What we can offer you
As we’ve already said, our people are what matter, and we do a lot when it comes to them. As a thinker this is what you’ll receive:
- Opportunity to work for one of the most exciting FinTech companies in the UK.
- A culture of collaboration and growth so your career can become what you want it to be.
- Hybrid working – balance of remote working and on‑site to suit your work/life balance.
- Company pension.
- 23 days holiday, rising to 28 with service. Plus, all major
Data Scientist - Foundation in Manchester employer: thinkmoney
Contact Detail:
thinkmoney Recruiting Team
StudySmarter Expert Advice 🤫
We think this is how you could land Data Scientist - Foundation in Manchester
✨Tip Number 1
Network like a pro! Reach out to current employees at thinkmoney on LinkedIn. Ask them about their experiences and any tips they might have for your application. Personal connections can make a huge difference!
✨Tip Number 2
Prepare for the interview by brushing up on your Python and SQL skills. Think of real-world examples where you've used these tools, especially in data analysis or machine learning. Show them you can turn messy data into clear insights!
✨Tip Number 3
Don’t just focus on technical skills; be ready to discuss how you can contribute to thinkmoney's culture of collaboration and innovation. Share your ideas on how to improve processes or tackle challenges in financial technology.
✨Tip Number 4
Finally, apply through our website! It’s the best way to ensure your application gets seen. Plus, it shows you're genuinely interested in being part of the thinkmoney team. Let’s get you that job!
We think you need these skills to ace Data Scientist - Foundation in Manchester
Some tips for your application 🫡
Tailor Your Application: Make sure to customise your CV and cover letter for the Data Scientist role. Highlight your Python and SQL skills, and any relevant projects or experiences that showcase your analytical abilities. We want to see how you fit into our mission at thinkmoney!
Show Your Passion: Let your enthusiasm for data science shine through! Share why you're excited about working in financial technology and how you can contribute to our goal of making a difference in people's lives.
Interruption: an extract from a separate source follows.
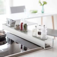 「棚付き伸縮」タイプは、よく使う調味料やスパイスを収納するのに便利な排気口カバーです。上部の棚には立ち上がりが付いているため、収納した物の落下を防いでくれます。ご家庭のコンロサイズに合わせて伸縮できるので、引っ越しなどで環境が変わっても安心です。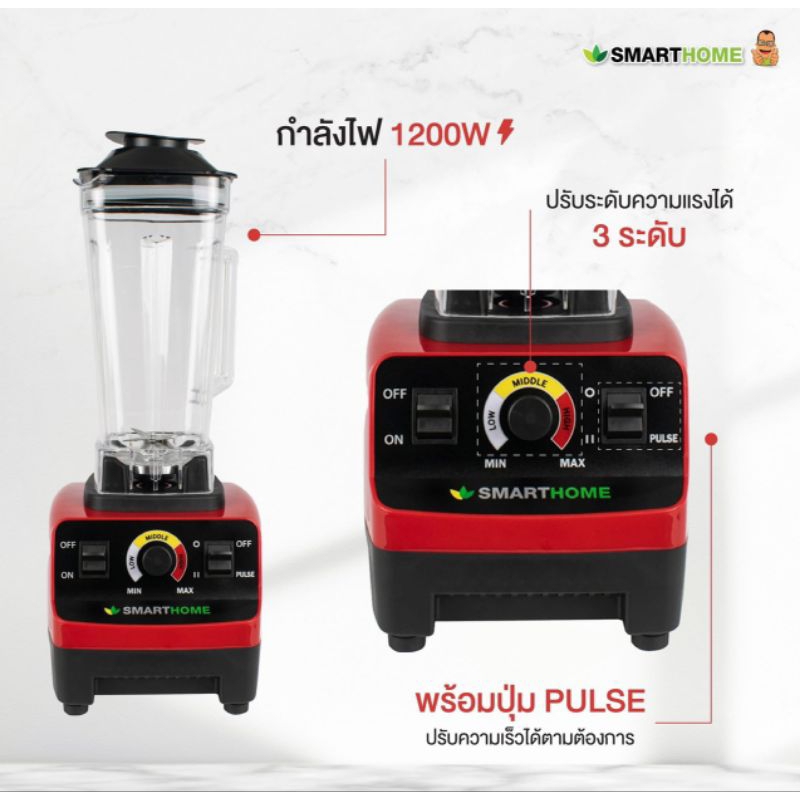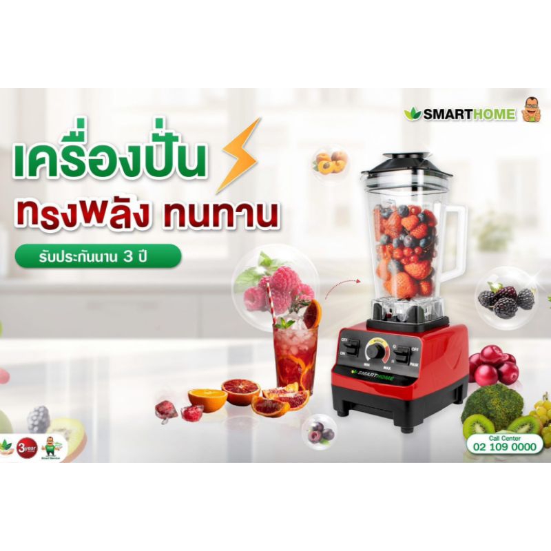 SMART HOME Blender เครื่องปั่น 2 in 1 ความจุ1.5ลิตร รุ่น BD-1510 รับประกัน 3 ปี

We love seeing candidates who are genuinely passionate about what they do.
Be Clear and Concise: When writing your application, keep it clear and to the point. Use straightforward language to explain your experiences and skills. Remember, we appreciate good communication, especially when it comes to explaining complex data insights!
Apply Through Our Website: Don’t forget to submit your application through our website! It’s the best way for us to receive your details and ensures you’re considered for the role. Plus, it shows you’re keen on joining our awesome team at thinkmoney!
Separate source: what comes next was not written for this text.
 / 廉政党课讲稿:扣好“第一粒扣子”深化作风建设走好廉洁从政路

How to prepare for a job interview at thinkmoney
✨Know Your Data
Before the interview, brush up on your knowledge of data science concepts, especially those relevant to financial data. Be prepared to discuss how you would handle messy datasets and what techniques you might use to clean and analyse them.
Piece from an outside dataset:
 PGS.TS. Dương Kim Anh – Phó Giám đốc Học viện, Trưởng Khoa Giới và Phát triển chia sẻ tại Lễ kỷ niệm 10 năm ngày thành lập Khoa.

✨Showcase Your Python Skills
Since Python is a key part of the role, be ready to demonstrate your coding skills. You might be asked to solve a problem on the spot, so practice writing clean, readable code and be familiar with libraries like pandas and scikit-learn.
✨Communicate Clearly
Thinkmoney values clear communication, especially when explaining complex analytical outcomes. Practice summarising your past projects or experiences in a way that’s easy for non-specialists to understand, highlighting your ability to convey insights effectively.
✨Embrace Collaboration
This role involves working closely with a team, so be prepared to discuss your experience in collaborative environments. Share examples of how you've worked with others, taken feedback, and contributed to group projects, showcasing your team spirit.